Une chose m'a surpris lorsque j'ai examiné les exercices utilisés dans ces essais. Certains des programmes ayant réduit la douleur cervicale évitaient délibérément de solliciter le muscle douloureux situé sur le dessus de l'épaule, et travaillaient plutôt les muscles situés sous et entre les omoplates. C'est suffisamment contre-intuitif pour nécessiter son propre article, disponible ici.
Je ne vais pas prétendre qu'un petit essai danois explique ce qui est arrivé à mon cou. Ce que je peux dire, c'est que j'ai passé beaucoup de temps à traiter un problème de force comme un problème de mobilier, et que le mobilier n'allait jamais être la solution à lui seul.
Références
- Lee H, Lee Y. Effects of Postural Changes Using a Standing Desk on the Craniovertebral Angle, Muscle Fatigue, Work Performance, and Discomfort in Individuals with a Forward Head Posture.
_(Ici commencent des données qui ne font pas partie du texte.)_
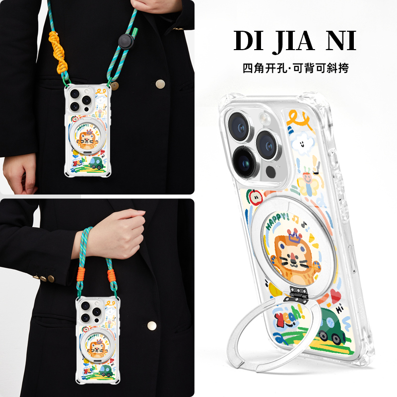 彩绘涂鸦适用苹果17promax手机壳新款磁吸透明iphone16pro挂绳女可爱带支架15斜挎可背14高级感支点壳13手腕

Healthcare (Basel). 2024;12(23):2436. doi:10.3390/healthcare12232436. Texte intégral gratuit.
- Frutiger M, Borotkanics R. Systematic Review and Meta-Analysis Suggest Strength Training and Workplace Modifications May Reduce Neck Pain in Office Workers. Pain Practice. 2021;21(1):100–131. doi:10.1111/papr.12940. Abonnement requis ; résumé sur PubMed.
- Lidegaard M, Jensen RB, Andersen CH, et al. Effect of brief daily resistance training on occupational neck/shoulder muscle activity in office workers with chronic pain: randomized controlled trial. BioMed Research International. 2013;2013:262386. doi:10.1155/2013/262386. Texte intégral gratuit.
- Andersen CH, Andersen LL, Zebis MK, Sjøgaard G. Effect of scapular function training on chronic pain in the neck/shoulder region: a randomized controlled trial. Journal of Occupational Rehabilitation. 2014;24(2):316–324. doi:10.1007/s10926-013-9441-1. Texte intégral gratuit.